BRASILIA (Reuters) - Major Latin American currencies appear more likely to hold their ground in coming months than they did in March, but they remain vulnerable to increased volatility coming from abroad, a Reuters poll showed on Thursday.
Estimates from top banks and research firms still suggest the currencies will probably give back part of their recent gains.
However, one-year forecasts for the Mexican peso and the Brazilian real against the U.S. dollar firmed from last month’s poll, indicating reduced expectations of a complete reversal in the region’s largest currency markets.
The 12-month forecasts strengthened for the Mexican peso to 19.875 per dollar from 20.87 in March and the Brazilian real to 3.295 from 3.35. Also gaining were the Colombian peso to 3020.0 from 3054.17 and the Chilean peso at 669.13 from 670.
Outlooks weakened for the Argentine peso, to 18.0 per dollar from 17.60 in March, and the Peruvian sol, to 3.38 from 3.36.
The Mexican peso has led gains among Latin American currencies this year, rebounding from all-time lows on hopes that U.S. President Donald Trump will not impose heavy tariffs on Mexican exports to the United States as he had threatened.

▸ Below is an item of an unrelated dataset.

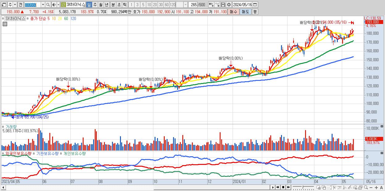 - SK하이닉스 (193,000원 ▲ 4.16% , 시총: 1,405,045억, 거래량: 5,083,178, 거래대금:9,803억)

A series of interest rate increases by the Mexican central bank and its direct intervention in local currency markets with hedging contracts also explain the peso’s newfound strength. As long as volatility remains low, higher interest rates should keep supporting the peso.
“Carry attractiveness has increased notably,” wrote Rabobank senior strategist Christian Lawrence. “This is particularly true compared to other Latin American currencies,” including Brazil, Chile and Colombia, which have cut rates over the past year.
Volatility has also declined in Brazil to around record lows, central bank chief Ilan Goldfajn said this week, despite what he called an “especially uncertain global outlook.”
A source of potential instability is the U.S. Federal Reserve, which has so far raised interest rates at a very gradual pace, with no surprises. An acceleration of rate hikes could drain capital from higher-yielding emerging markets such as Latin America.